На нашем сайте KnigaRead.com Вы можете абсолютно бесплатно читать книгу онлайн Сергей Сергеев-Ценский, "Неторопливое солнце (сборник)" бесплатно, без регистрации.
Перейти на страницу:

— Как… Иван Грозный!.. А?.. Как… хвощ!

И голос у него стал глуше и короче.

Приезжал иногда доктор из Нейгофа — плотный квадратноголовый немец Клейн. Входя, методично каждый раз снимал очки, протирал их платком, медленно надевал снова и потом, неотрывно и тяжело глядя прямо в глаза Антона Антоныча, спрашивал его спокойно:

— Ну-те-с… как же с нами?

В первое время Антон Антоныч рассказывал ему о своей болезни долго и подробно и жадно ловил те немногие слова, которыми перебивал его он; потом как-то ясно увидел, что доктору все равно: может быть, он, когда смотрит на него, считает, например, сколько дней в пяти годах или сколько минут в десяти сутках. Смотрел он мутно, уши у него были завороченные, мясистые, нос коротко обрубленный, наискось, усы — рыжие, жесткие, редкие. И потом уже совсем не мог выносить Антон Антоныч запаха сыромятных кож, который шел у него изо рта, и молча глядел на него откровенно ненавидящими глазами.

В его комнате стол и подоконники были уже густо уставлены пузырьками и желтыми сигнатурками и без них, коробочками разных величин и цветов, жестянками — высокими, щеголеватыми, круглыми и низенькими, плоскими. Во всем этом он доверчиво искал прежнего себя, такого недавнего себя — Антона Антоныча, того, который работал, который мог спать в седле, на лошади, который, когда шагал по земле, — земля гудела… В солнечные дни лучи сквозь окна дробились на них лукаво и весело, и были даже как-то растрепанно красивы они, эти пузырьки и жестянки, но в комнате от них плотно стоял тоскливый больничный запах.
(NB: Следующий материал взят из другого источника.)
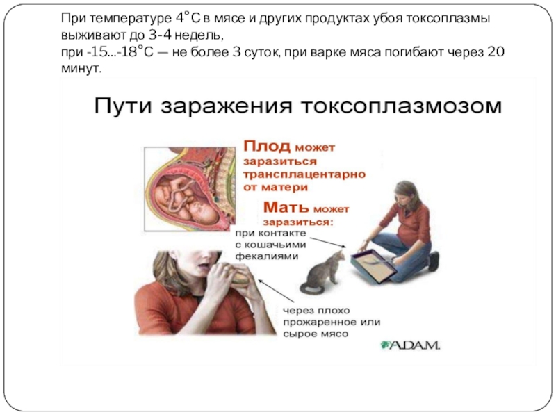 Слайд 7При температуре 4°С в мясе и других продуктах убоя токсоплазмы выживают

Появилась у Антона Антоныча странность: он подолгу стал простаивать перед зеркалом и серьезно следить за своим лицом, за каждой складкой, за каждой морщинкой, за каждым волосом на лице; и случалось, что обманывал себя, уверял себя, что с лицом ничего не случилось, что оно такое и есть, как было: оно всегда было худощавым. Снимал рубаху, со всех сторон осматривал впавшую грудь и руки и тоже, привыкший уже к их теперешнему виду, находил, что почти ничего не случилось: и грудь и руки те же.
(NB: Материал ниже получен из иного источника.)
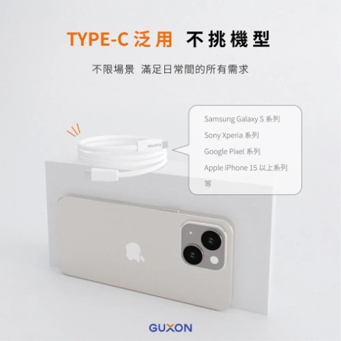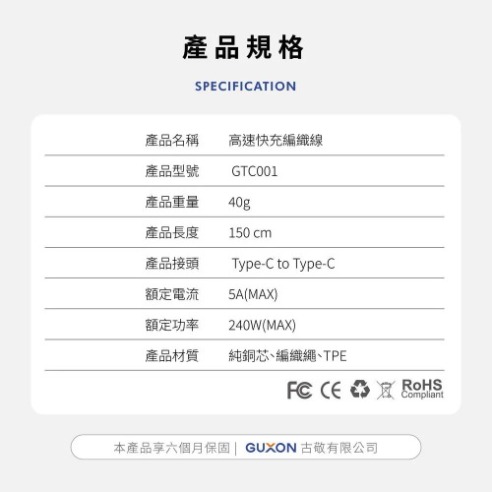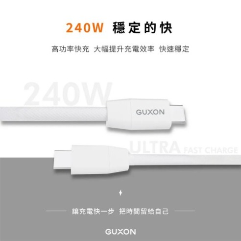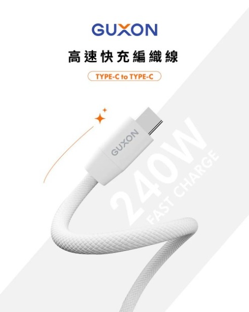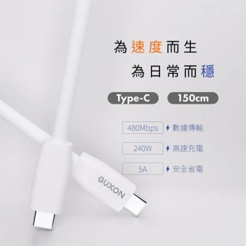 GUXON240W 高速快充編織線 Type-c to Type-c PD 3.1 快充協議|支援最高 240W 輸出,筆電也能閃電快充 耐用編織線材|尼龍+TPE 材質,抗拉不纏繞、不易斷裂 480Mbps 數據傳輸|充電+傳輸同步進行,資料備份不卡頓 純銅線芯設計|導電穩定、長時間使用不易發熱 TYPE-C 全面相容|支援 iPhone 15 / Samsung / Pixel / Switch 等設備 實用 150CM長度|辦公、床邊、旅行充電都順手 黑白兩色可選

Одеваться он стал подолгу и очень тщательно: надевал сюртук, цветные галстуки, по жилету распускал и справа и слева золотые цепочки часов и, так одетый, глядел в окна, где синели суровые холодные лесные дали, занавешенные осенним дождем; потом осторожно ходил по комнатам, потом опять глядел в окна. К одному окну вплотную подходила темною мягкою хвоею та лиственница, на которой жили белки, — за ними следил Антон Антоныч; из другого окна было видно конюшню — следил горячими глазами, как выводил лошадей Фома, и когда замечал что-нибудь, — стучал в стекло пальцем и кричал: «Т-ты, разбойник!..». Но за двойною рамой ни стука, ни крика не было слышно.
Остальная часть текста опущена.